▶ **What is being asked**:
Write out, word for word, every line in the data below from the one containing "Ehe der Führungstreffer" to the one containing "This indicates that", both of them included.

▶ **Dataset**:
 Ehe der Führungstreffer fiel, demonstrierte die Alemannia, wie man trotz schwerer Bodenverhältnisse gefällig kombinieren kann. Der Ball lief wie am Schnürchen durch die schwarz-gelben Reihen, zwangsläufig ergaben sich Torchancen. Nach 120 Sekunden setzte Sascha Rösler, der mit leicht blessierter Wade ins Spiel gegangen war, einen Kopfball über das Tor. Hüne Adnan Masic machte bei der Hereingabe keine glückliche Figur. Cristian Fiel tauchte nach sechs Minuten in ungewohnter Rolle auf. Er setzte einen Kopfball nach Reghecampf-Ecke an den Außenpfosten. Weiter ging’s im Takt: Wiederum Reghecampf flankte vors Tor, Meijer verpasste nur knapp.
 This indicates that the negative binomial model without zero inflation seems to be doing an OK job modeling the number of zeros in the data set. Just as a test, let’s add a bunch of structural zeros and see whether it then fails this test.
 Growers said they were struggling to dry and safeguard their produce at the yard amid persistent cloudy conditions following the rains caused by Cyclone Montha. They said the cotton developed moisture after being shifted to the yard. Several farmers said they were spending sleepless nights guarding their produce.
...
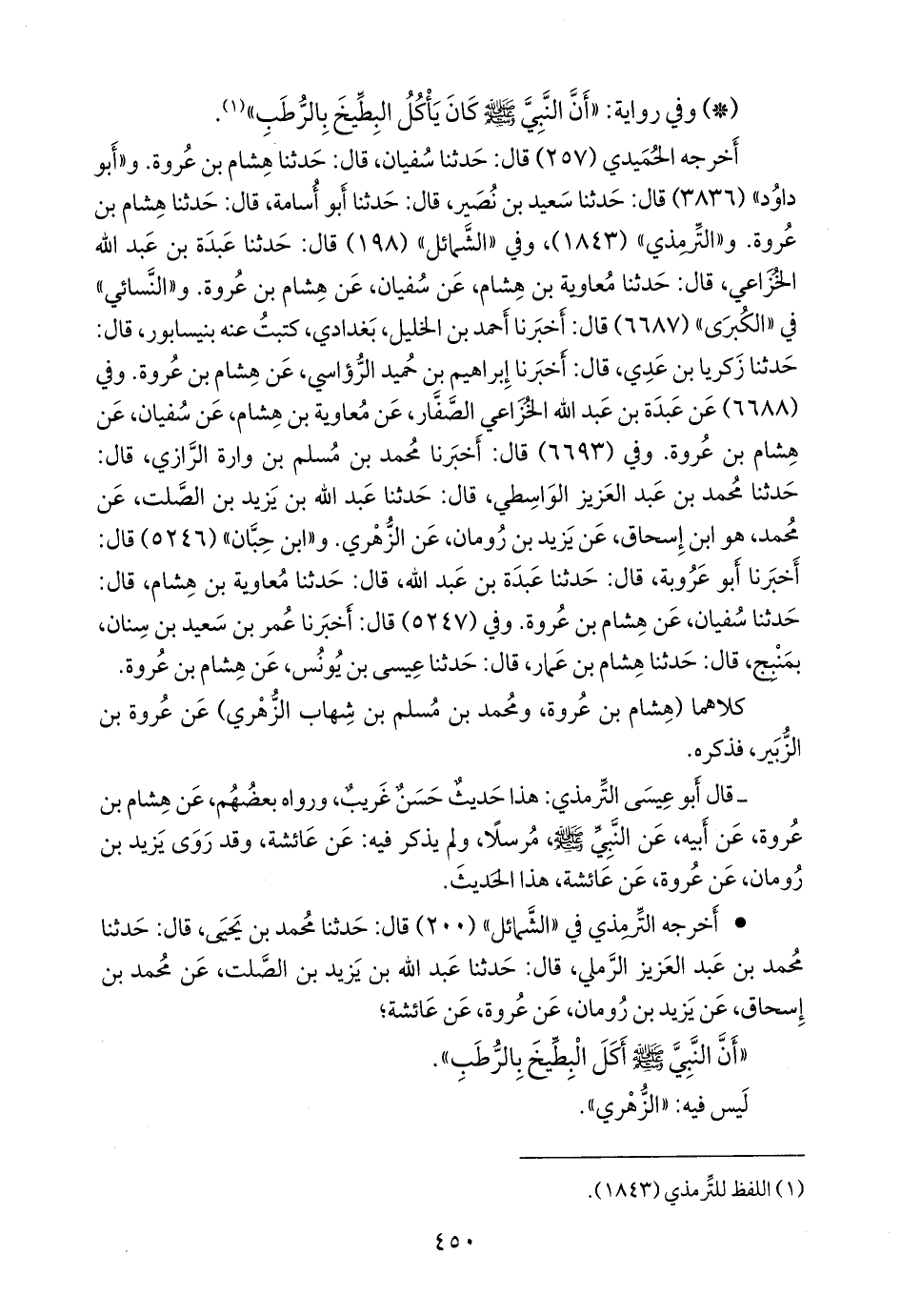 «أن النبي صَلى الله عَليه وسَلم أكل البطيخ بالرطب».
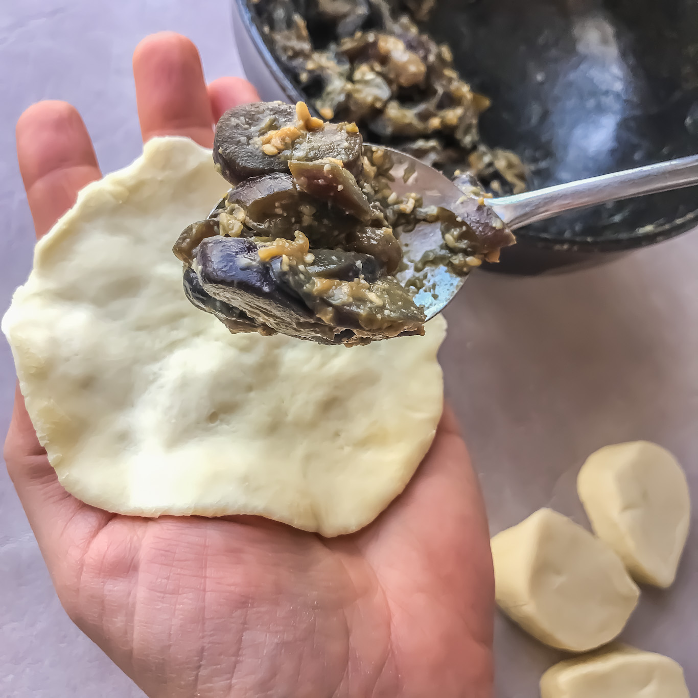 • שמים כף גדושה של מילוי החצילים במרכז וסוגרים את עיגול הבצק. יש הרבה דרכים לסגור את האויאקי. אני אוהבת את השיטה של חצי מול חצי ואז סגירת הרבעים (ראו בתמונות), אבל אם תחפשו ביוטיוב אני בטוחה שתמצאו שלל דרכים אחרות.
---
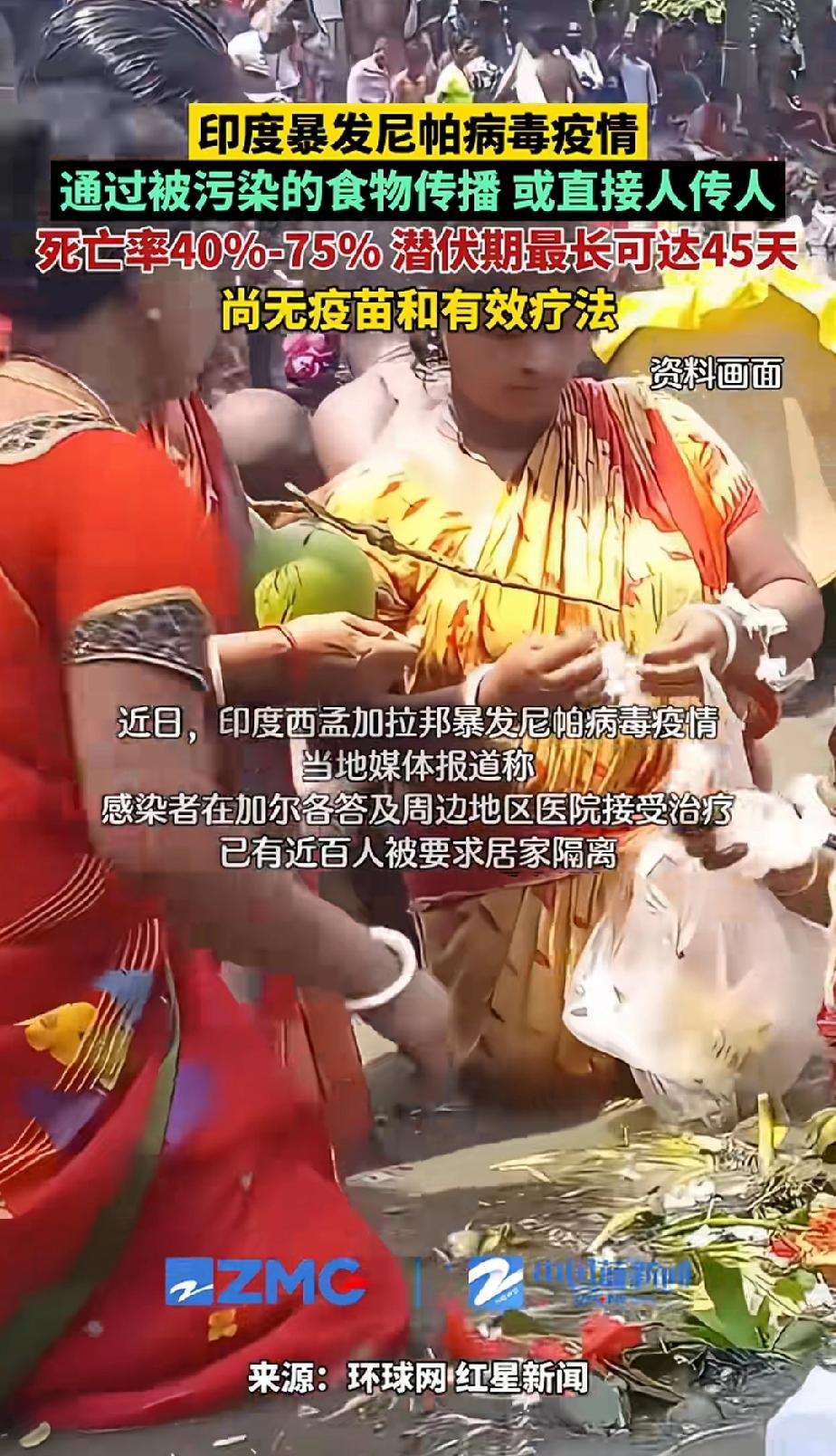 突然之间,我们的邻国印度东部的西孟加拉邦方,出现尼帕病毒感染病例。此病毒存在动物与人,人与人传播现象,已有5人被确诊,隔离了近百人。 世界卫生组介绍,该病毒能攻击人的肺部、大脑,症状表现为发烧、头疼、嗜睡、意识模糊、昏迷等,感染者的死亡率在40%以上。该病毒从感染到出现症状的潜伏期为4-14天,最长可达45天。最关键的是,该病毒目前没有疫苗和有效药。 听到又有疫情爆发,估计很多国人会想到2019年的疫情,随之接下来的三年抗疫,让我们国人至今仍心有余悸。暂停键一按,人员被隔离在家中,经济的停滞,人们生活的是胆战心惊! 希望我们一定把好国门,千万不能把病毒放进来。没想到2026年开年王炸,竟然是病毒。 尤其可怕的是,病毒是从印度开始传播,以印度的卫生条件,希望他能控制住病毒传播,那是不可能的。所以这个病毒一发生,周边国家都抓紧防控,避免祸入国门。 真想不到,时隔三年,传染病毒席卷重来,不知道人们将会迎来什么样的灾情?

▶ **Written solution**:
 Ehe der Führungstreffer fiel, demonstrierte die Alemannia, wie man trotz schwerer Bodenverhältnisse gefällig kombinieren kann. Der Ball lief wie am Schnürchen durch die schwarz-gelben Reihen, zwangsläufig ergaben sich Torchancen. Nach 120 Sekunden setzte Sascha Rösler, der mit leicht blessierter Wade ins Spiel gegangen war, einen Kopfball über das Tor. Hüne Adnan Masic machte bei der Hereingabe keine glückliche Figur. Cristian Fiel tauchte nach sechs Minuten in ungewohnter Rolle auf. Er setzte einen Kopfball nach Reghecampf-Ecke an den Außenpfosten. Weiter ging’s im Takt: Wiederum Reghecampf flankte vors Tor, Meijer verpasste nur knapp.
 This indicates that the negative binomial model without zero inflation seems to be doing an OK job modeling the number of zeros in the data set. Just as a test, let’s add a bunch of structural zeros and see whether it then fails this test.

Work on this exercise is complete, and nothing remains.